Other than that take my first advice. Contact some one in the area where you are taking the test, maybe the PD you are applying for?

Masscops is a great place to learn about Policing, but unless you're employeed in Mass, the laws, and testing ,el consejo pudo también estar en español! :roll:


----------



## JohnBarleycorn (Jul 8, 2003)

MK,

The Illinois Agility Test is not strictly for Illinois. It is a test used world-wide to assist in determining ones level of fitness.

Jason,
My original explanation of the test was a bit vague and not exactly correct. This website will give you an exact description of what is expected.

Illinois Agility Test


----------



## Mortal knight (Jun 17, 2003)

JohnBarleycorn @ Wed Jun 23 said:


> MK,
> 
> The Illinois Agility Test is not strictly for Illinois. It is a test used world-wide to assist in determining ones level of fitness.


  Now don't I feel stupid  So its sort of like the *Minnesota* Personality Profile Inventorty test. ( which had me feeling more insane than i did before I took it)

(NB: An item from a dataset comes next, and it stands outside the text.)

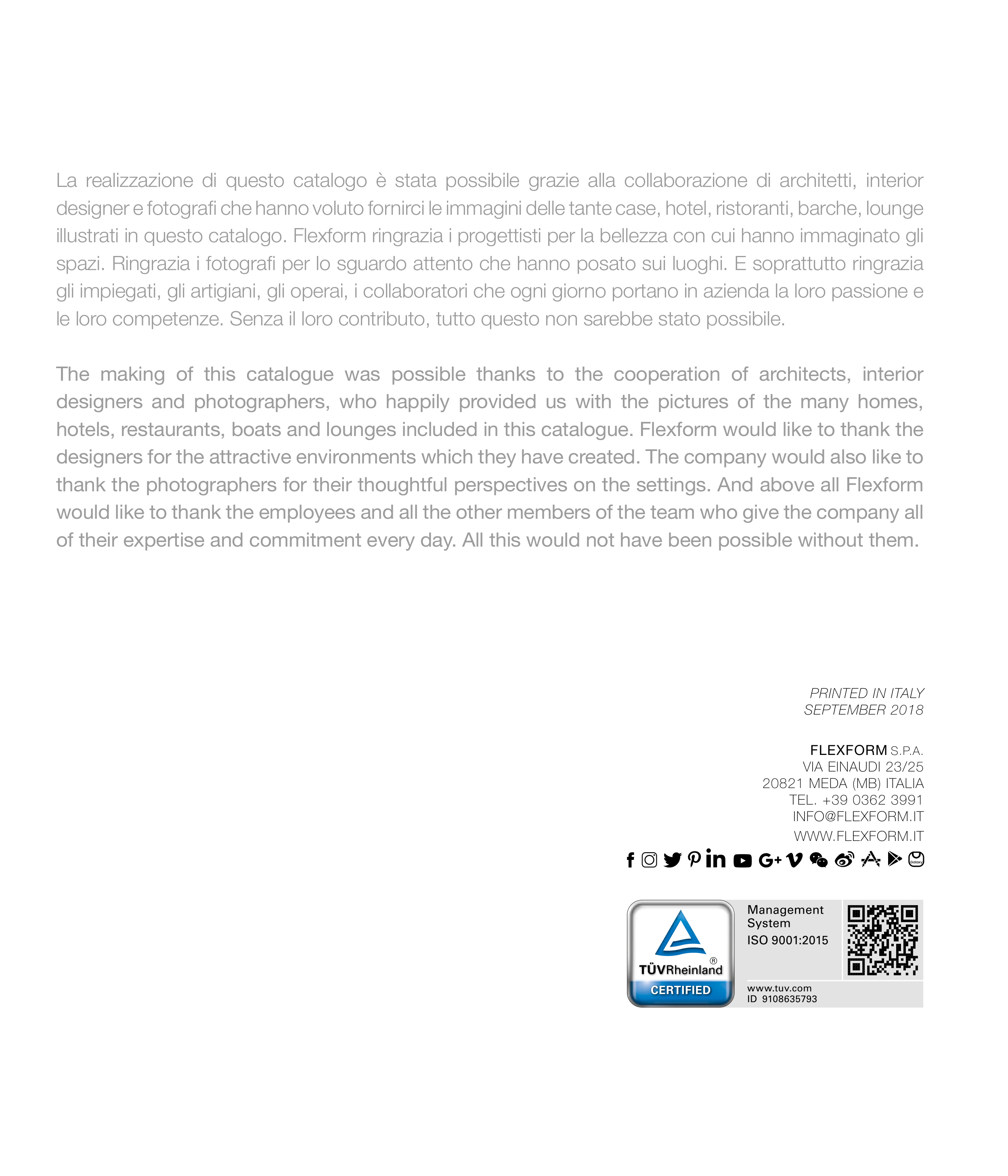 illustrati in questo catalogo. Flexform ringrazia i progettisti per la bellezza con cui hanno immaginato gli

Jason, My apologies,Good luck on the test 8)


----------



## KozmoKramer (Apr 25, 2004)

That test appears to be rather narrow in its ability to accurately gauge fitness, hence the specificity of “agility” I guess.
Jason, I wonder if there might be more comprehensive fitness exams as part of specific departments screening processes?
Could you elaborate, I'm just curious. :?:


----------